First, this is how I understand ANN work. You have input layer where the input neurons are. Then you have hidden layer where you set the "random" values for hidden neurons (with random weights). Lastly, you have the output layer where the output neuron is the variable you want to predict. On your first run, you're expected to get a very large error but as you train the system, the hidden neurons and weights will adjust its values until you reach the target error you set.
My question is, does this mean you could practically use any input neuron? Random input neuron since the network will adjust anyway?
Is there any qualifications for the input neurons?
Sorry I'm really new to this.

Accepted Answer

Greg Heath
Greg Heath on 2 Apr 2019
Three layers are sufficient: input/hidden/output
The input layer is NOT a neuron layer. The number of input nodes is the dimensionality of the input data.
The output layer IS a neuron layer. The number of nodes is the dimension of the target and output data.
This is sufficient for trivial transformations.
In general, a hidden layer with nonlinear neurons is required.

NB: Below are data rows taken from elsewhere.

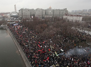 Главное опасение, что Болотная не очень удачное место с точки зрения географии: хоть в центре, но на отшибе, хоть большая, но далеко от всего - оказалось не слишком оправданным. Как я и говорил вчера, если соберется 30 тысяч человек, то все равно услышат. Собралось больше 100 тысяч... На площади люди не помещались, стояли на мостах и на набережной напротив, вплотную, на примыкающих улицах - везде. Море людей. Вся Москва.
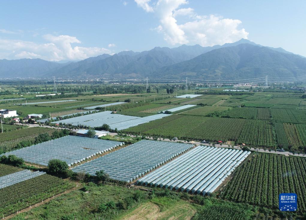 位于西安市鄠邑區玉蟬街道的葡萄種植大棚(8月30日攝,無人機照片)。
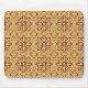 This mouse pad has a geometric design of manipulated squares in orange, brown, shades of green on a field of cream. If you want the same design with different colors, message me.
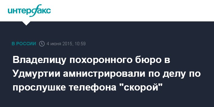 Москва. 4 июня. INTERFAX.RU - Глазовский суд Удмуртии вынес обвинительный приговор директору ритуального агентства, работники которого прослушивали телефон местной "скорой", однако дело было прекращено в связи с амнистией в честь 70-летия Победы в Великой Отечественной войне.

Typically, the more complicated the I/O transformation,
the more hidden neurons are required.
Sometimes it is better to use two or more hidden layers instead of having a single hidden layer with a huge number of neurons.
I find the best approach is to minimize the number of trained weights subject to a limit on the output error.
The limit I typically choose is that the output error is at least 100 times smaller than the average variance of the target.
The latter is the minimum error that results if you guess that the output is just the target mean.
I have posted jillions of examples and tutorials in both the NEWSGROUP and ANSWERS.
Hope this helps.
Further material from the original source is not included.